[Extracted data Boundary: Start]

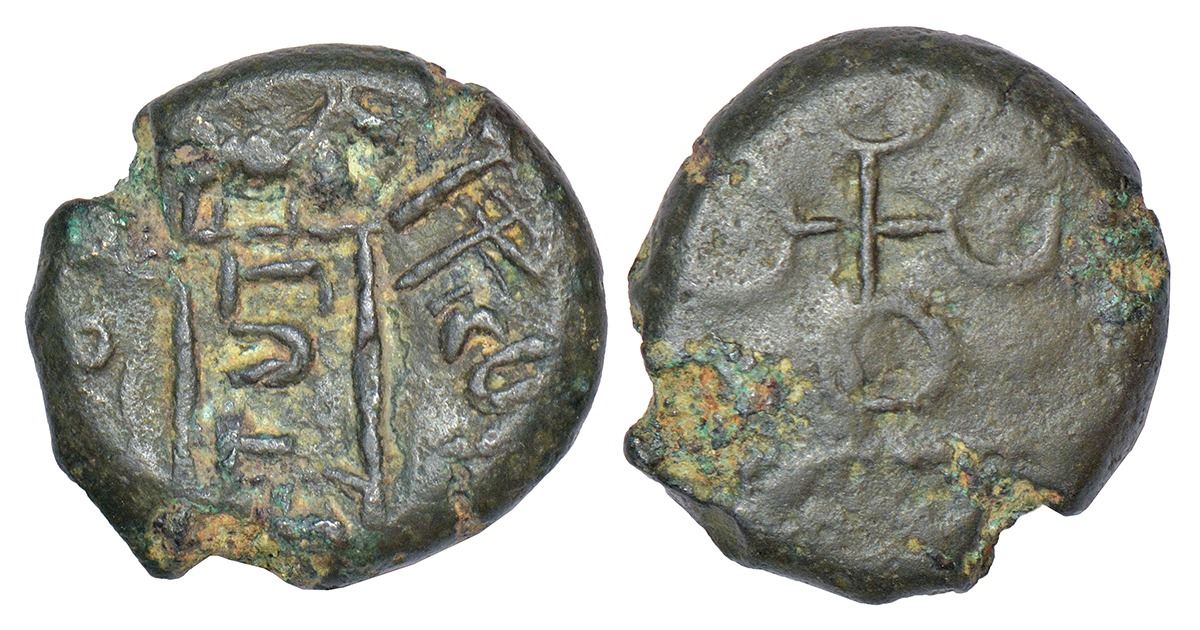 Satavahanas, alloyed copper coin of Naganika and Siri Satakani (c.100-50 BC), MCSI 141, 7.83g. Obv: Brahmi legend Naganika… inscribed vertically on a pillar surmounted by a horse; Brahmi legend Raño Si(ri)… to right. Rev: 'Ujjain’ symbol with Swastikas in each orb within a rectangular border.
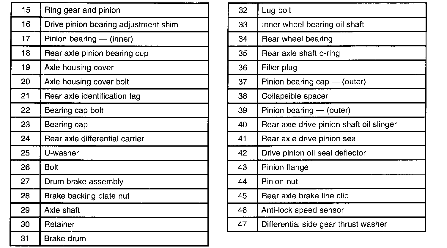 STANDARD REAR AXLE AND DIFFERENTIAL STRUCTURAL VIEW
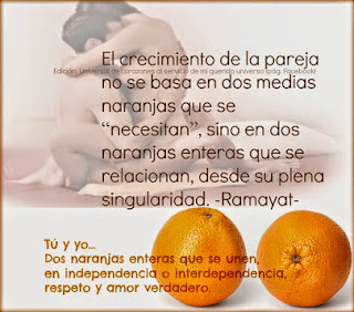 "El crecimiento de la pareja no se basa en dos medias naranjas que se "necesitan", sino en dos naranjas enteras que se relacionan desde su plena singularidad. Tú y yo ...dos naranjas enteras que se unen en independencia o interdependencia, respeto y amor verdadero"
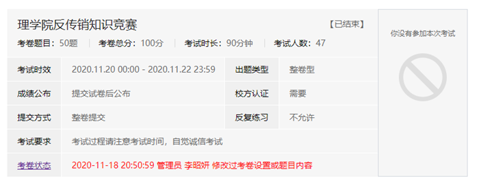 学院团委利用易班知识竞赛平台,举办反传销知识竞答,进一步帮助广大学生提高传销的辨识能力,增强防范意识,自觉远离和抵制传销。
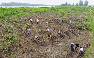 7月24日,在位于长江支流虎渡河西岸的荆州区弥市镇,镇村党员群众在合力处置虎西支堤新堤段面的散浸险情。
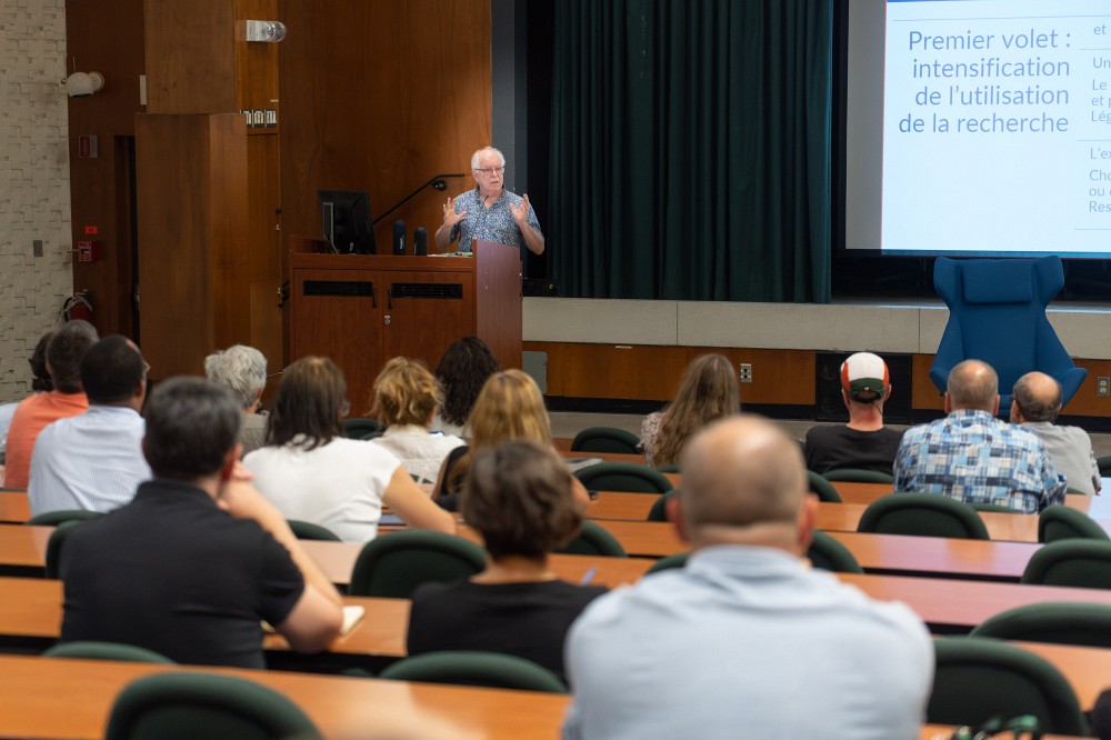 C’est dans l’auditorium René-Hivon que la communauté facultaire s’est rassemblée pour écouter les propos réfléchis et dument appuyés de l’invité. Petite tranche d’histoire : le professeur Lessard a commencé sa présentation en racontant que le professeur René Hivon, figure marquante de la pédagogie universitaire, était responsable de sa première embauche à l’UdeS. Il s’en est suivi pour lui un parcours de grande influence sur le monde de l’éducation au Québec.
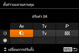 การตั้งค่าวงแหวนควบคุม ฟังก์ชั่นต่างๆ สามารถกำหนดให้กับโหมดการเปิดรับแสงแต่ละโหมดได้

[Extracted data Boundary: End]

Assignment:
Within these entries, output exactly the lines starting at the one with "crecimiento de la" and finishing at the one with "C’est dans l’auditorium". Leave pictures out of the output.

The completed task:
 "El crecimiento de la pareja no se basa en dos medias naranjas que se "necesitan", sino en dos naranjas enteras que se relacionan desde su plena singularidad. Tú y yo ...dos naranjas enteras que se unen en independencia o interdependencia, respeto y amor verdadero"
 学院团委利用易班知识竞赛平台,举办反传销知识竞答,进一步帮助广大学生提高传销的辨识能力,增强防范意识,自觉远离和抵制传销。
 7月24日,在位于长江支流虎渡河西岸的荆州区弥市镇,镇村党员群众在合力处置虎西支堤新堤段面的散浸险情。
 C’est dans l’auditorium René-Hivon que la communauté facultaire s’est rassemblée pour écouter les propos réfléchis et dument appuyés de l’invité. Petite tranche d’histoire : le professeur Lessard a commencé sa présentation en racontant que le professeur René Hivon, figure marquante de la pédagogie universitaire, était responsable de sa première embauche à l’UdeS. Il s’en est suivi pour lui un parcours de grande influence sur le monde de l’éducation au Québec.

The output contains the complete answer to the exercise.